Gathering info for technical requirements is an iterative process. These requirements should be specific, testable, and measurable, and they should provide enough detail to guide the development of the solution.
You need to know how far to interview, and what is acceptable enough to create tech requirements. Data mature people know where to stop iterating. Too much iteration too soon can result in complex and unreasonable technical requirements.
After creating tech requirements, they focus on checking in with both the users and builders. They attempt to strike a balance between the user need and teams availible resources. While trying to validate and user test the data product — reviewing the requirements with the business team, conducting user testing, and feedback.
Data maturity is seen in how you handle things before AND after you create the technical requirements. Its what you do to prepare prior to the user interviews, and how you check back in with them and building teams after the creating technical requirements.
6. Connecting Your Experience
“No experience goes to waste. Its how you use it,” was a phrase I was told as a child. This also applies very well to data maturity.
Your experience matters. Often things we learned in one job will translate into another. They serve as guide posts to the knowledge we need to research to get the job done. We all do it.

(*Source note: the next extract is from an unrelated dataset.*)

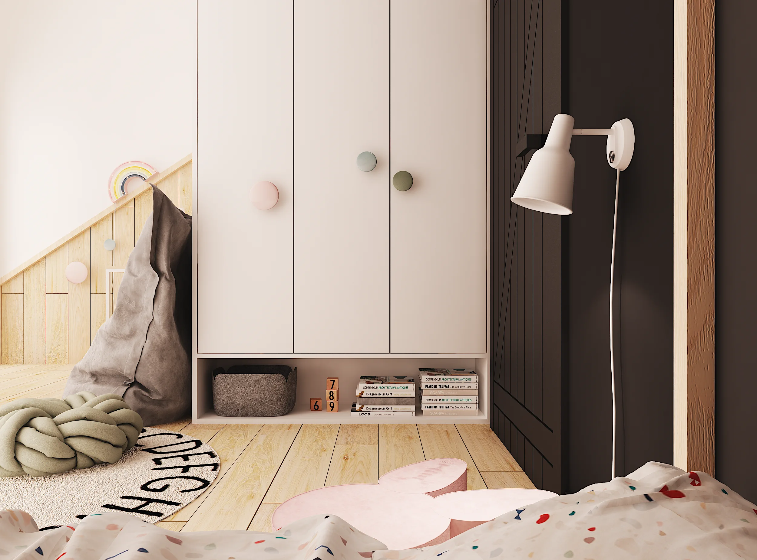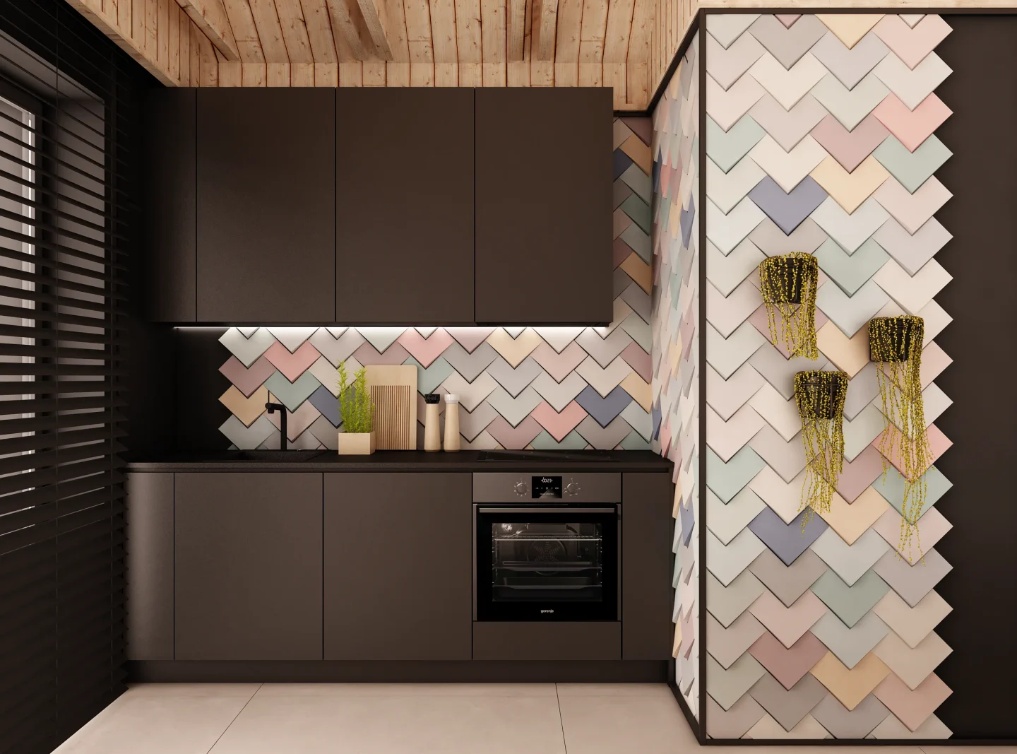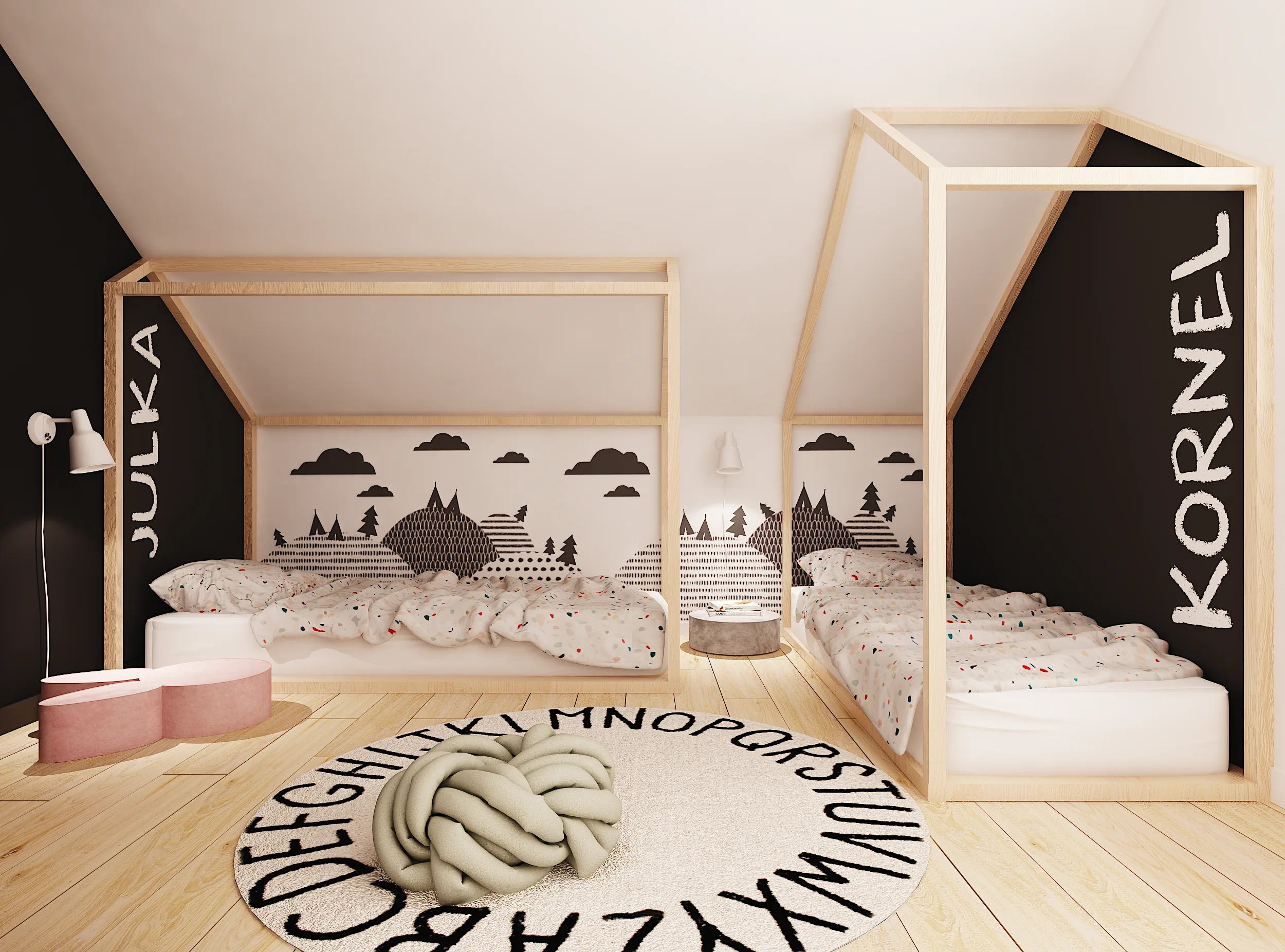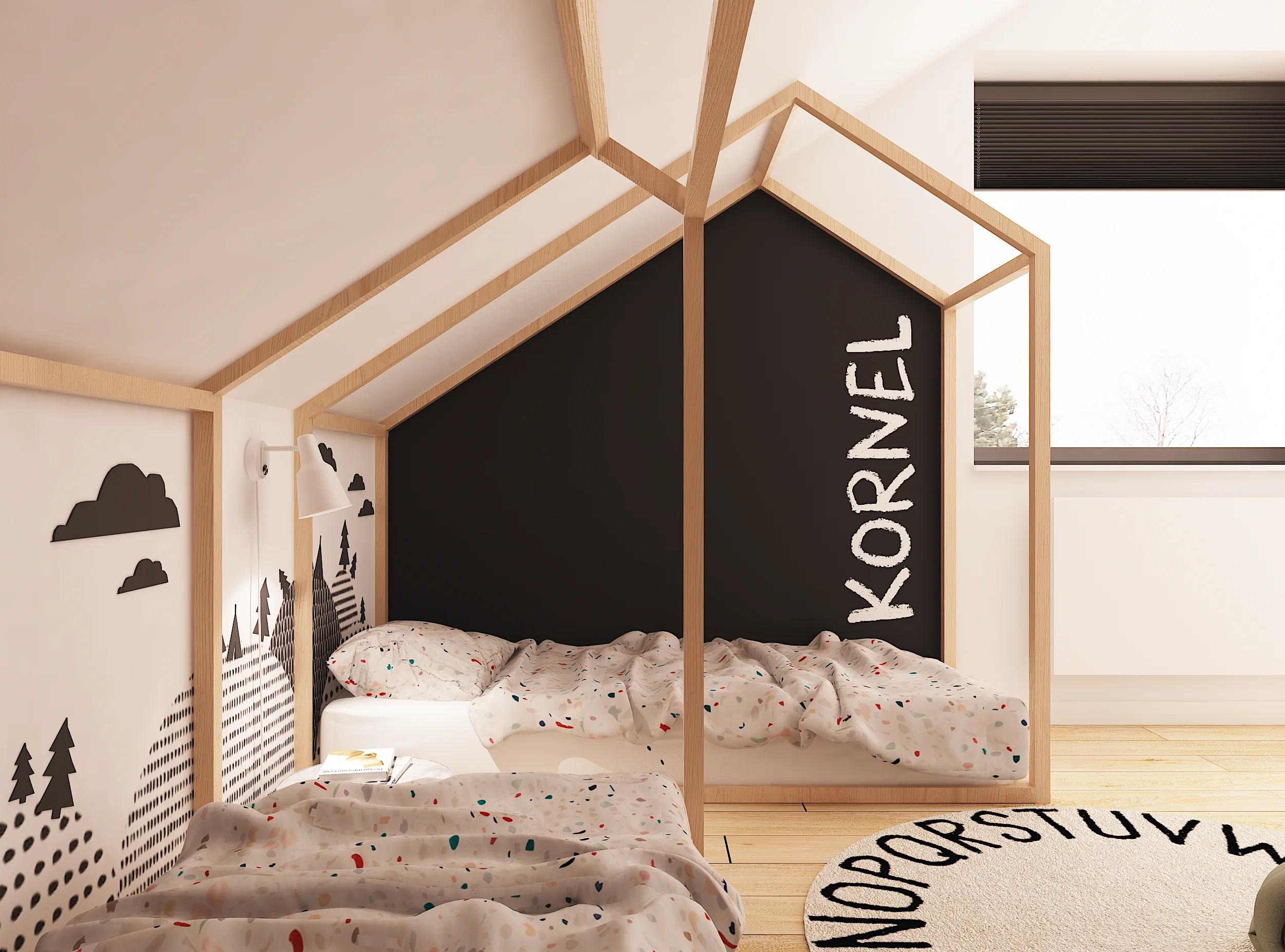 Na życzenie inwestorów do wnętrza zostały wprowadzone kolory. Tym razem postawiliśmy na ciekawe dekoracyjne płytki trójwymiarowe w pastelowej kolorystyce, do których dobraliśmy różne kolory krzeseł. Łazienka jest kontynuacją materiałów i kolorystyki części otwartej. Pojawiają się w niej dekoracyjne płytki w odcieniach bieli i beżu które ocieplają wnętrze, skupiają uwagę na ścianie z umywalką. W pokoju dzieci oraz sypialni pojawia się więcej bieli, drewniana podłoga, delikatne kolorowe akcenty, czerń jest tutaj jedynie tłem które podkreśla ciepło drewna.

But at a certain point, we template experiences. We use them to solve business problems while disregarding the context of the experience. What worked good in the past is not always the most efficient, economical, or correct solution. It can create unmaintainable business products or solutions.
Data maturity here means you know how to filter that context. A data mature person can filiter through the business, engineering, and cost contexts. All the while using learned experience. They don’t template — they adapt.
They create a solution from one experience, and combine it with the experience from another. While acknowledging context of the current business problem — discarding experiences and knowledge that is irrelevant to answering it.
These experiences may not even be from the same industry or use case
Data mature people are creative about applying their experiences.
Conclusions
Data maturity takes constant training, practice, and experience. It is something that must be constantly trained and practiced. Developing it not only improves your current skill set, it expands it.
Exposing yourself to other data problems helps increase your range of creativity.
There’s more than one way to solve a math problem — which applies to data maturity. Its developing flexiblity and critical thinking. Its learning the fundamentals well so that you can see different ways of approaching problems.
Its the key to delivering value, lowering costs, and increasing efficiency.